Typical T1-weighted images of pelleted MNCs are presented in Fig. 1B. In the 7-T T1-weighted MRI, the 0.1 mM MnCl2-labeled MNCs showed an upper layer of positive signal enhancement. The 0.25 and 0.5 mM MnCl2-labeled MNCs suffered signal loss in comparison to the unlabeled (0 mM MnCl2) controls. On the other hand, in the 0.2 T T1-weighted image the 0.1 and 0.25 mM MnCl2-labeled MNCs showed uniform positive signal enhancement, while there may have been some signal loss at the base of the 0.5 mM sample. These results indicate that the signal loss was not caused by Mn discharge from the cells or cytolysis, but by the T2 shortening and T2* susceptibility effects caused by the labeled MNCs. In preparation for the in vivo experiments, we performed an in vivo trial with both 0.125 and 0.25 mM MnCl2-labeled MNCs. As the enhancement due to the 0.125 mM MNCs disappeared within 1 day of transplantation (data not shown), a concentration of 0.25 mM MnCl2 was used to label MNCs for the in vivo experiments.
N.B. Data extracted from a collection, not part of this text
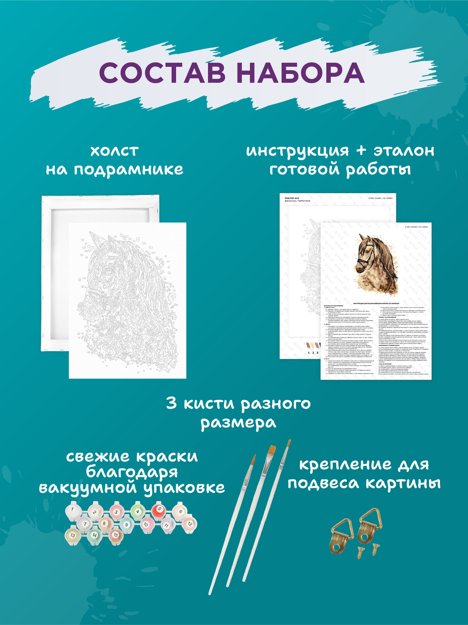 | Особенности | кисти в комплекте / краски в комплекте / репродукция картины |
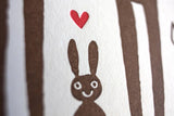 Letterpress printed on natural white paper, blank inside. It comes with a matching envelope. Size: A2 (4.25" x 5.5").
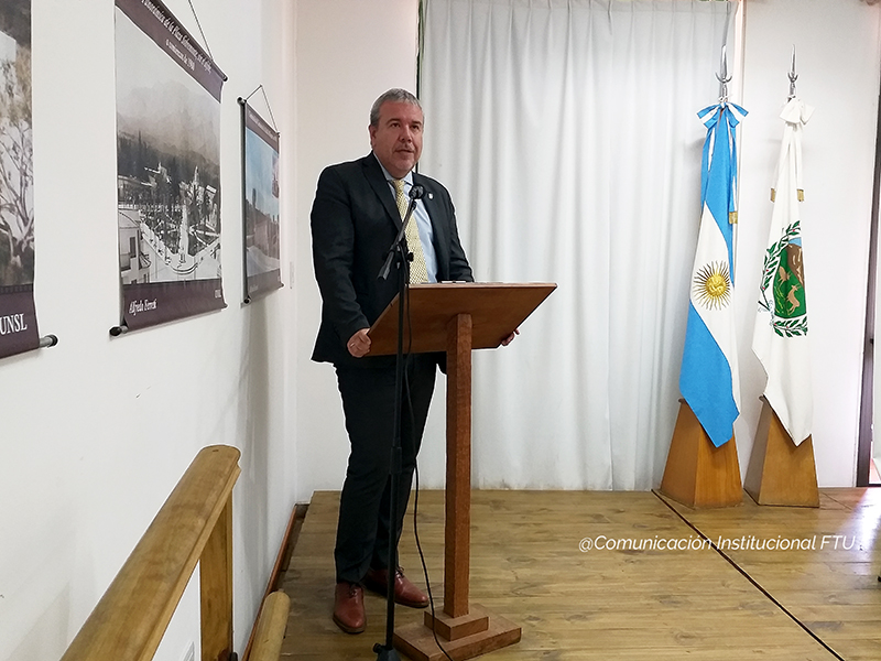 A continuación el Mgtr. Espinoza al dirigirse a los presentes dijo “…La facultad viene realizando un trabajo muy importante a nivel regional y con una presencia muy grande a nivel nacional y también a nivel del Consejo de Decanos. Próximamente se preparan para asumir la Vicepresidencia del Consejo, lo cual será un nuevo desafío para ustedes…”. Luego continúo diciendo “…Creo que hoy es una oportunidad para celebrar este encuentro, esta posibilidad de seguir haciendo crecer el campo del turismo, de ver la diversidad de ponencias que hay en este Congreso. Creo que hay que celebrar que hay que seguir fortaleciendo la facultad de turismo en un lugar tan importante y tan emblemático para el turísmo en Argentina como es Villa de Merlo y seguir construyendo de cara al futuro un turismo que en esa complejidad que mencionaron desde el principio de los discursos vayamos reconociendo el valor que tiene la profesionalización y en ese sentido el valor que tiene el sistema de educación pública de Argentina para hacer los aportes a esa política de desarrollo. Muchas gracias…”
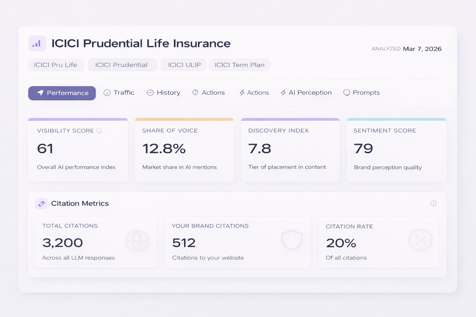 ICICI Prudential's AI visibility profile is notably strong in ULIP-related and investment-linked queries. The brand's long association with equity-linked insurance products and its broad digital distribution make it a frequent mention in responses to queries about insurance as a wealth-building instrument. This is an important distinction — the brand has successfully carved out a specific thematic corner within AI-generated insurance recommendations.
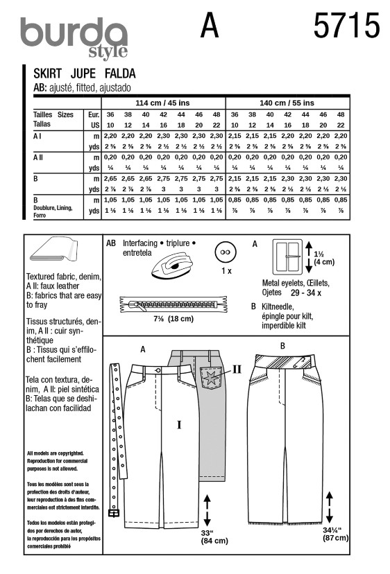 This skirt pattern, perfect for experienced sewers, offers two stylish versions. The first combines a rock jeans vibe with elegant details: star-adorned pockets, an extra-long belt with eyelets, and a figure-hugging cut with a slit. The second merges denim and kilt styles, featuring a slim midi skirt with a slit and fringes that beautifully flatter the figure.
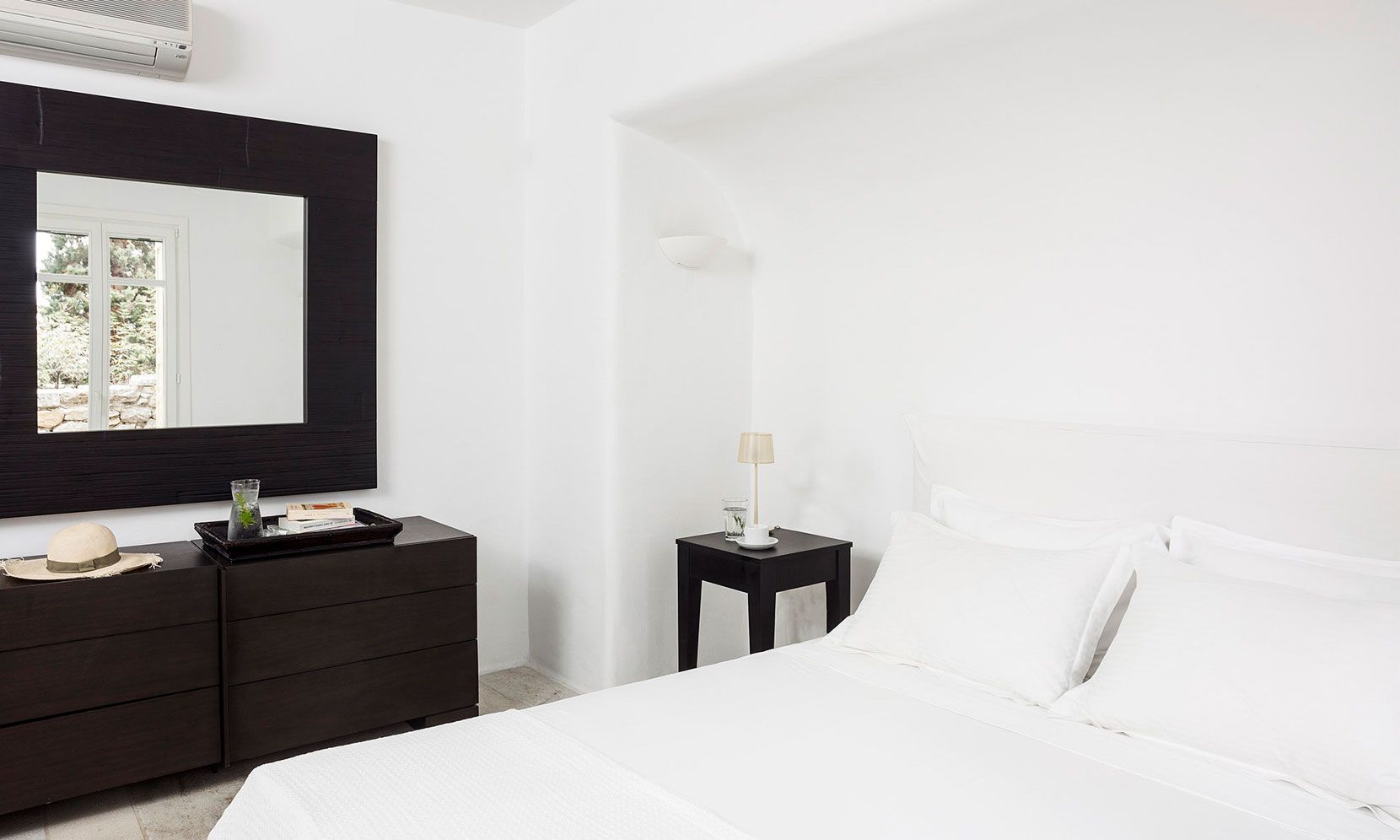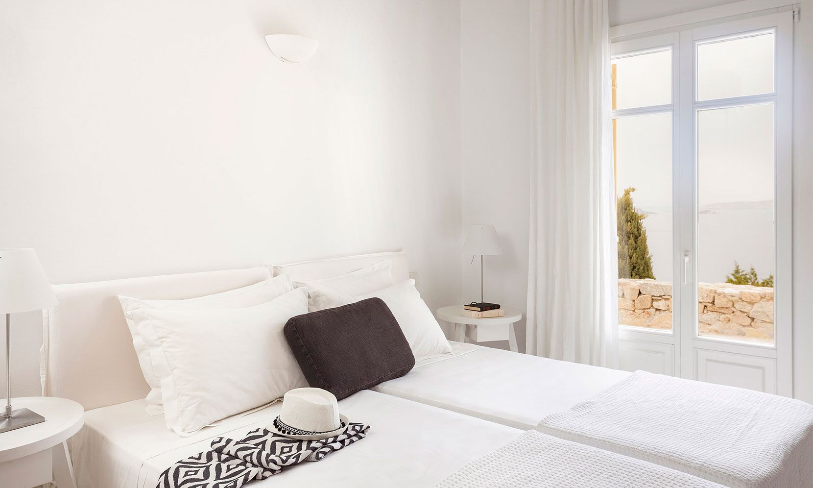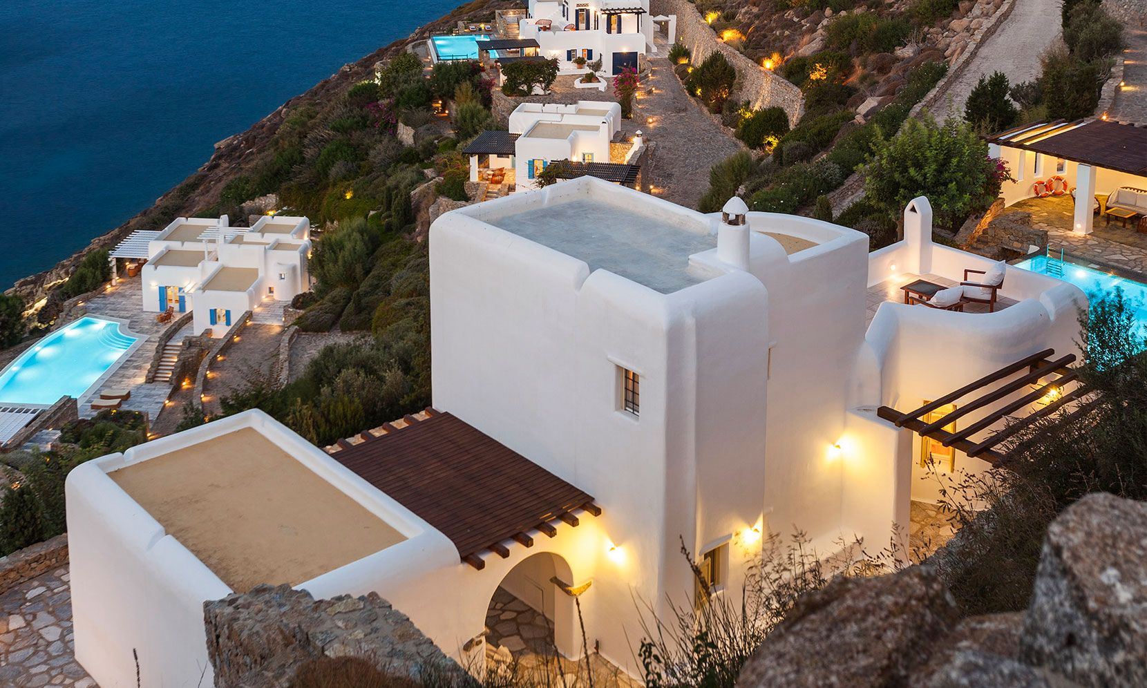Villa Zafira 5 is perched at the top a private 10-Villa Estate and enjoys a bird’s eye view of the islands of Delos and Rhenea over a majestic drop to the sea, offering the picture-perfect Mykonos sunset. Villa Zafira 5 boasts an outdoor BBQ and an outdoor dining & lounging area (sunny & shady all day long)- all in front of the 79m2 infinity pool that flows off into the Aegean horizon- and you are still less than a two-minute walk to the sea (still within the estate). Villa Zafira 5 has a single main entrance that opens into the open-plan kitchen and the living/dining room area. On the upper level is a Master bedroom with an Expanded Queen and an en-suite bathroom & balcony. On the pool level is another Master bedroom with 1King-size bed (or 2 Singles) with a bathroom. On the ground level are: 1 bedroom with a Queen bed, w/ en-suite bathroom, and a balcony door leading to the grounds. There is another room with a Queen bed, w/ en-suite bathroom with a curs anglais window. The brilliant white interiors and exteriors and the subtle tasteful decorations reflect the Mykonian-elegance the island is known for, so you can totally immerse yourself in the spirit of the island. The brilliant white interiors and exteriors and the subtle tasteful decorations reflect the Mykonian-elegance the island is known for, so you can totally immerse yourself in the spirit of the island. The refurbished luxury estate has daily, complimentary maid service-so you don’t lift a finger, 24/7 CCTV monitoring at the periphery of the estate- so unauthorized people are detectable, Netflix- to quench your thirst for relaxed adventure, flat-screen TVs- so everyone can watch, back-up generators- to face the frequent local electric shortages, a desalination plant- so you can ignore the frequent local water shortages, and a 24/7 gate-access control. The pool can be heated for a fee.
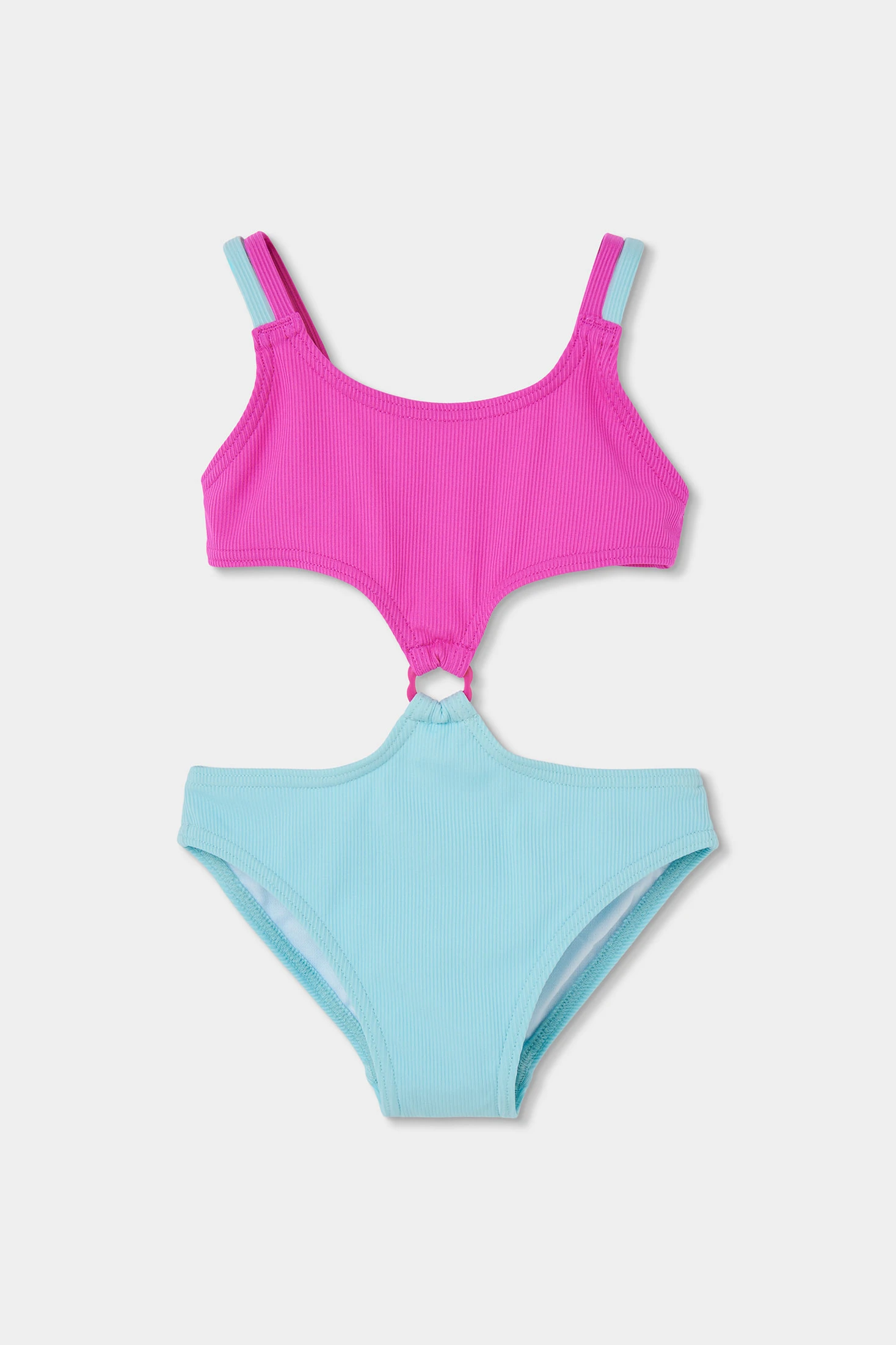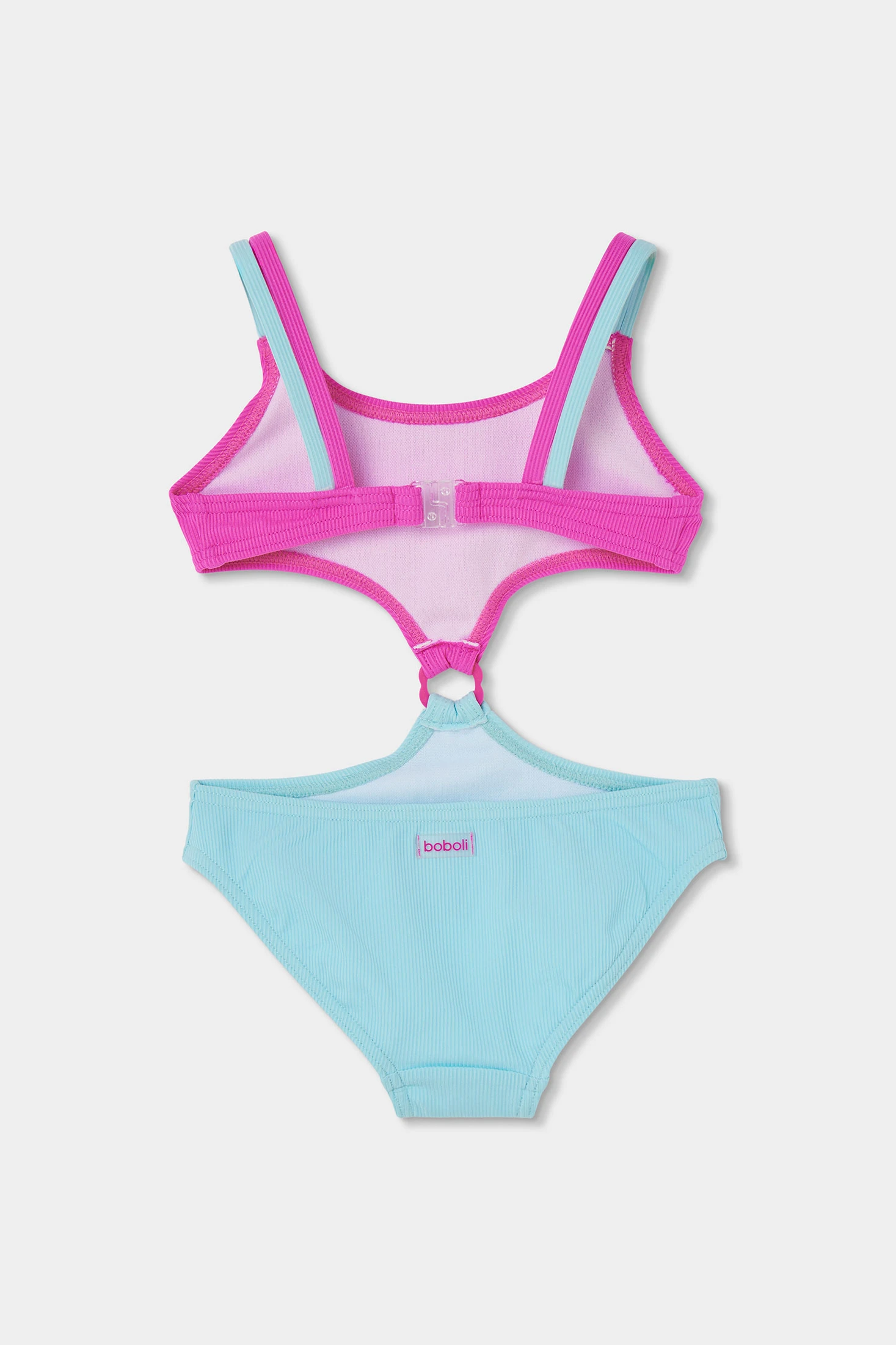 Girl?s color-block trikini ? a modern, vibrant piece perfect for summer. Made of soft fabric with UPF50 sun protection, ensuring comfort and freedom of movement. Its elastic material provides great comfort and a perfect fit. With crossed strap details, this trikini combines style and functionality for pool or beach fun. Available in sizes from 2 to 14 years.
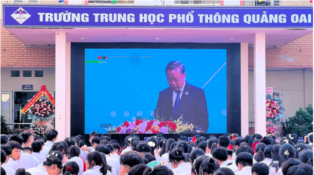 Ảnh: Toàn trường cùng nghe Tổng Bí thư Tô Lâm phát biểu trong Lễ khai giảng
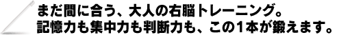 記憶力を高めたい人も、カンを高めたい人も、脳の健康が気になる人も、この1本で気軽に脳を鍛えることができます。

Short-term in vivo tracking of Mn-labeled MNCs in the ischemic hindlimb

Figure 2A presents typical MR images immediately after transplantation of Mn-labeled MNCs. Signal loss was observed at the transplanted site in T1-weighted (A1) and proton-density (A2) images. Signal enhancement surrounding the ‘dark’ transplanted site was also observed in the same images. Furthermore, shorter T2 at the MNC injected site and longer T2 at the MNC injected muscle were observed (A3). Figure 2B and 2C present the dynamics of Mn-labeled MNCs in comparison with saline (as a control) from immediately after intramuscular administration to 2 days later. Immediately after the injection, both Mn-labeled cells and saline provided signal reduction on the T1-weighted MRI (Fig. 2B). At 24–48 h after the injection, Mn-labeled cells were clearly detected as a “double-layered structure” that has a dark core with surrounding positive enhancement. The volume of the transplanted MNCs was unchanged 1 day after the transplantation, but the volume of the injected saline sites shrank to zero within 1 day (Fig. 2C).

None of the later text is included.